Reordering, simplifying, and organizing the complexity until little remains • Systems run smoothly • Stability reigns • Ordered.

This exercise produces some fascinating insights each time I employ it with teams. Most common are:

  1. There is no single right/best/optimal position for “the leader.” Leverage your strengths. In an operating environment with deepening complexity requiring increasing speed of adaptation, every contribution adds value at different times in the business cycle. All strengths contribute in a constant need to adapt.
  2.  As with all human and natural systems homogeneity brings stasis or constant disruption, both of which are deadly. Diversity fosters adaptation. Big or small, change is the constant—especially now. If you’re a leader who loves to shake things up and embrace the new, you’ve got to acknowledge and make space for those whose gifts are in service of bringing order, efficiency, and operating value to the bold new direction upon which you’ve propelled the team/organization.

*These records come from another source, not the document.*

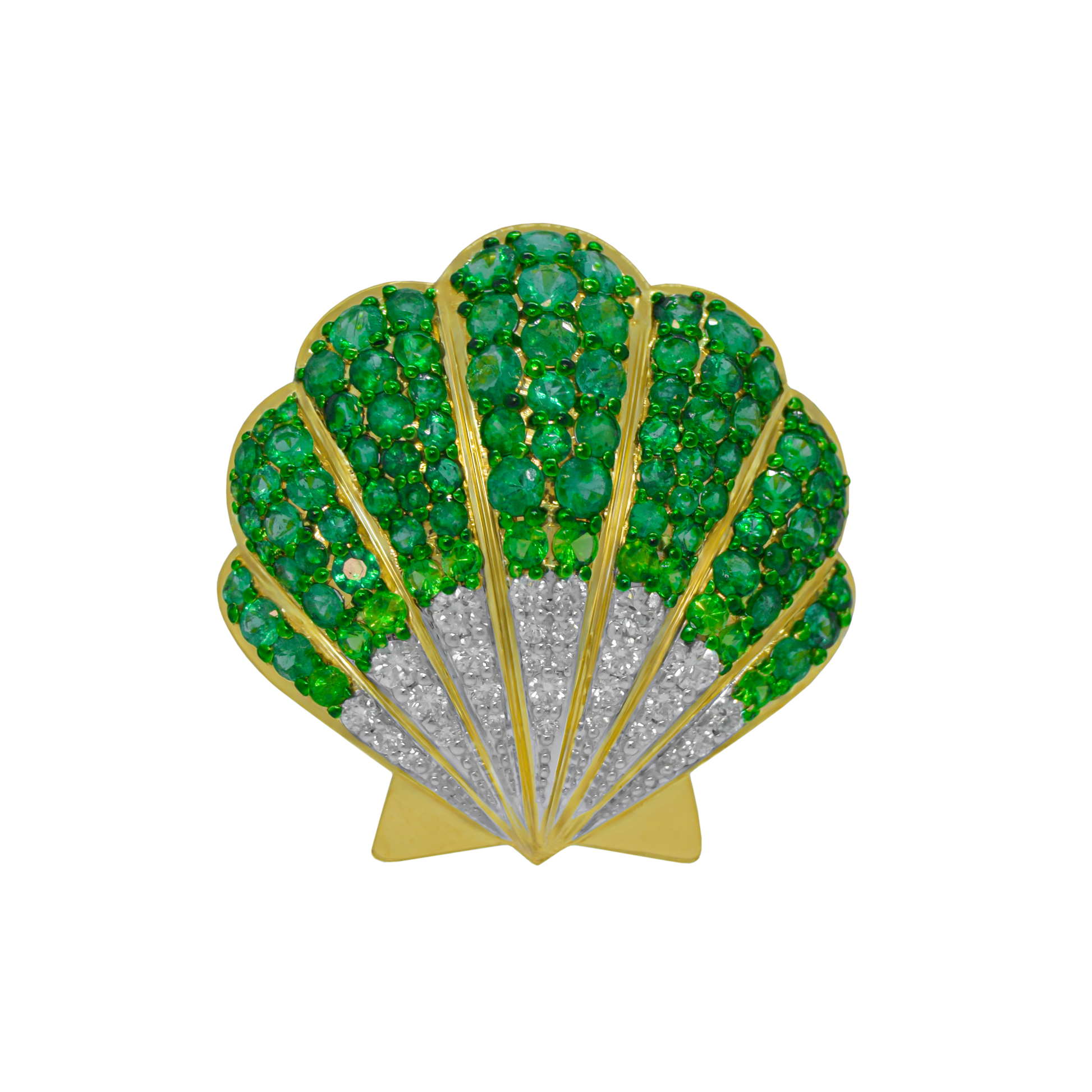 Shop this Seashell Bag Bijoux set in 18KT White Gold with Natural FG/VVS-VS Diamonds, Emeralds by Ashna Mehta
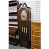 Long case clock in wooden cabinet with swan neck frieze, visible pendulum and brass and stainless fa
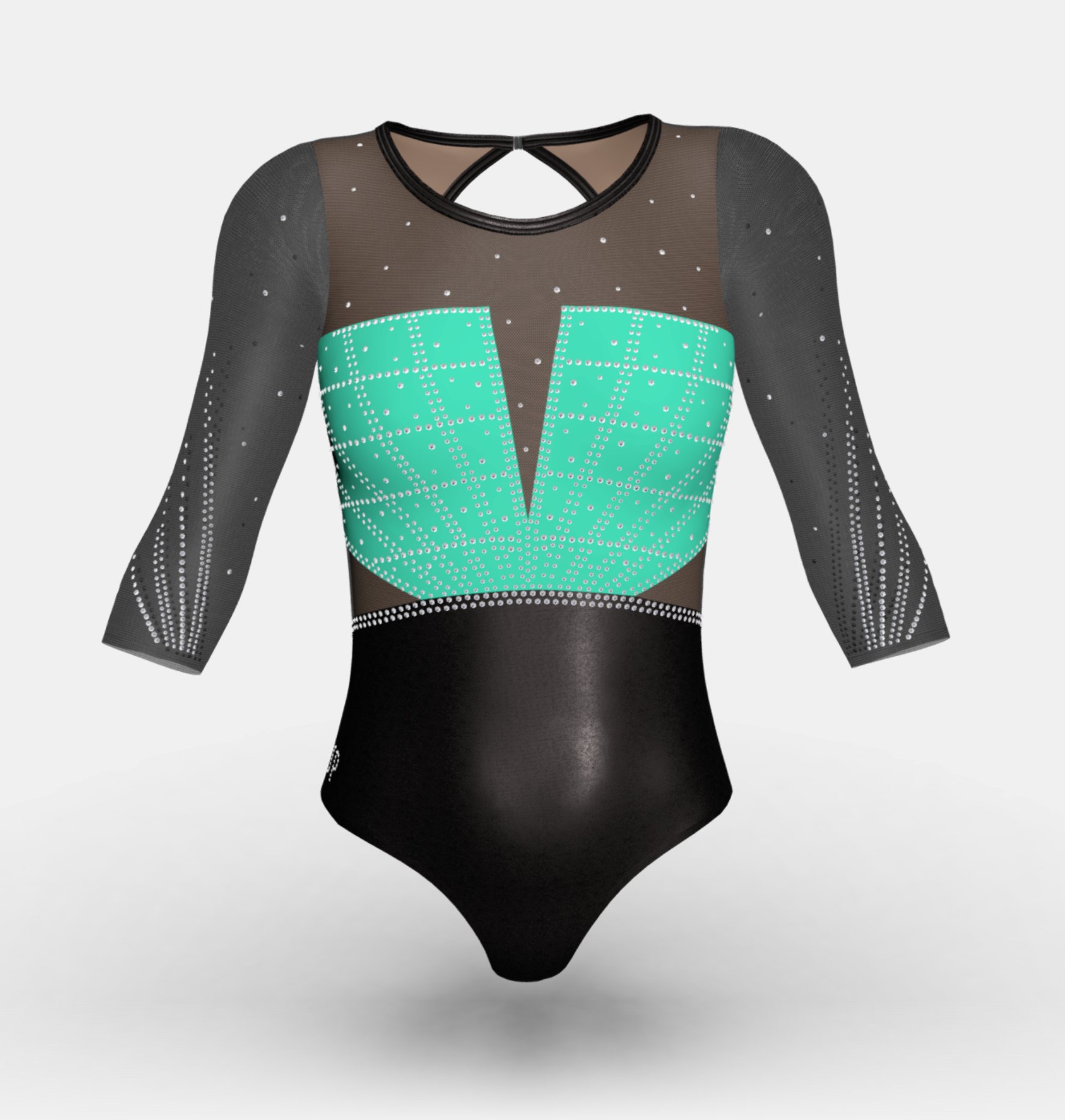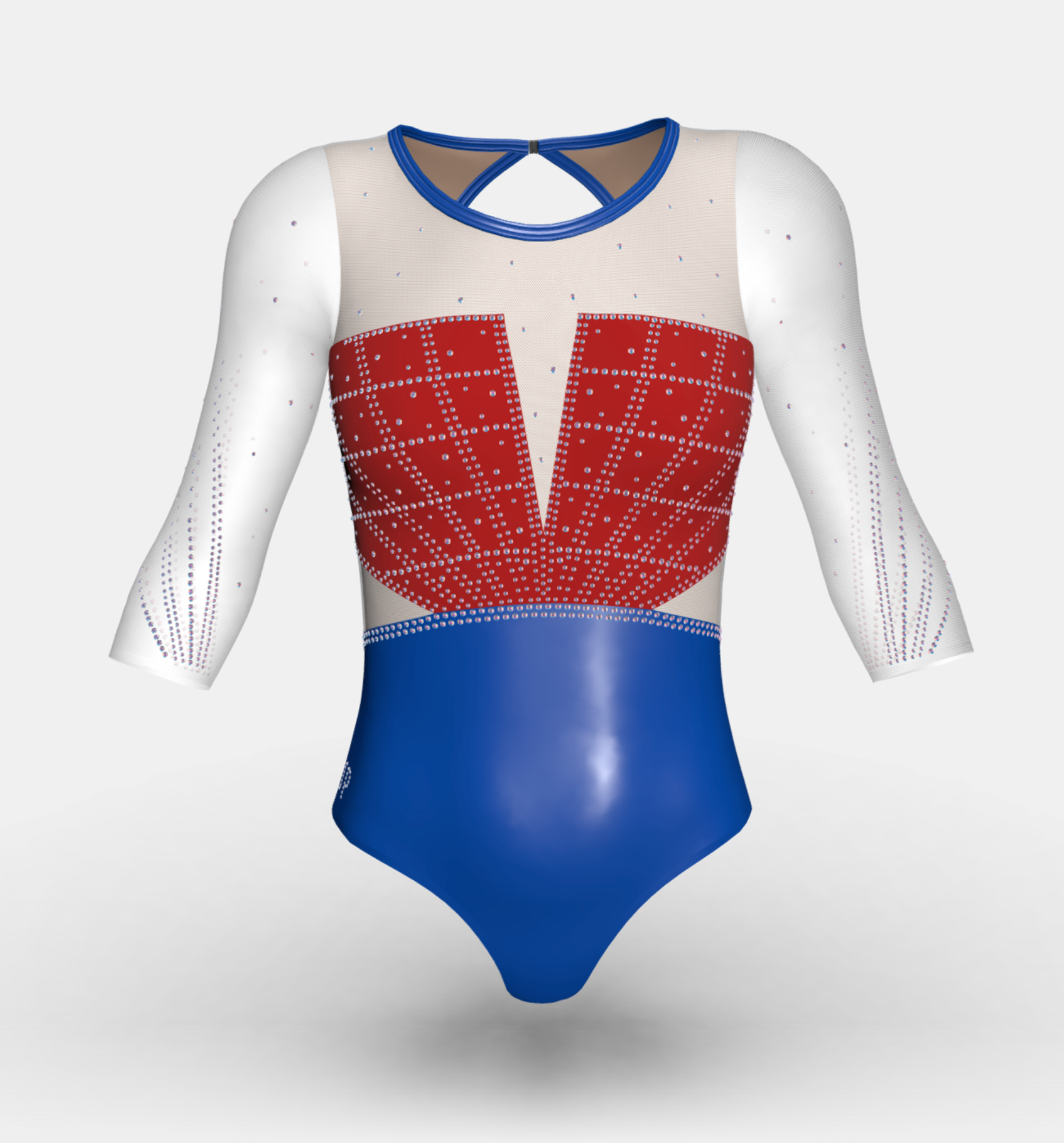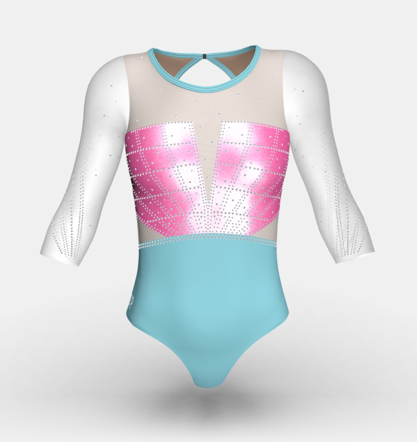 Change the fabrics, colours and crystals of this leotard using StudioSP, our 3D product designer.

Look at the scribble image at 12 o’clock, signifying an ordered single line (left), followed by a mad scramble (center), and then less varied, more patterned scrambling (right). Kinda sounds like what you’ve experienced through Covid times?
  3.  Illuminating a team’s default tendencies often reduces tensions stemming from seeing only your perspective, leading you to think about colleagues, “You just don’t get it!!.”
  4. Thriving means adapting…quickly. Each of us needs to recognize we’ll have to get more comfortable with fast and slow – and our calibration of speed likely differs from others. You’ll need to take time to pause periodically. Individuals and teams need pauses to celebrate adaptive victories (think: reinforcing that which you want to grow) and loss. Let’s face it, change triggers grief in us in powerful, visible ways and in many subtle, invisible ways. Big changes evoke a sense of real grief at the loss of the old order. (Think about our widely shared grief about the loss of “normal” during Covid.). These are indeed powerful times.
  5. Propelling change that sticks requires you to embrace—even fan—chaos. Any transformation requires a period of chaos to produce the level of disruption necessary to get beyond the old order. It requires courage and tenacity because so many around you (and many of the supporting operating systems you’ve put in place) are steeped in patterns, predictability, and order—by design. Reinventions that stick produce a fundamental transformation that can’t revert back to the old order. New supportive operating systems and processes will be required…out of which new order and predictability will grow.
  6.  The best reinvention thinkers I know (like Nadya Zhexembayeva) remind us that reinvention is the whole cycle, not just one hemisphere (e.g., creating chaos or managing complexity). The right side of the cycle allows for pause, to recalibrate processes, to test our assumptions (especially around our legacy processes [i.e., stuff we’ve been doing because we’ve always done it that way]). While stories of left side behavior make the business literature hot list, the truly sustainable, continuously adaptive organizations and companies embrace the whole cycle.
  7. This one exercise illuminates many mental models, which is hugely important for making fundamental and lasting change. If you’ve seen the iceberg image of human systems you know that mental models exist well below the visible water line (and, therefore, out of view), yet they subtly shape the structures, rules, policies, and cultural practices…that give rise to patterns of behavior….that are evident in daily activity….which, regrettably, is the level at which most managers attempt change.

If this simple exercise sounds intriguing but you’re not sure if you can employ it without a little guidance, give me a call and I’ll happily talk you through it. I’d be even happier to talk with you again after you’ve done it so I can support your sense-making.

As I said years ago, there’s something so compelling about the deep end of the pool.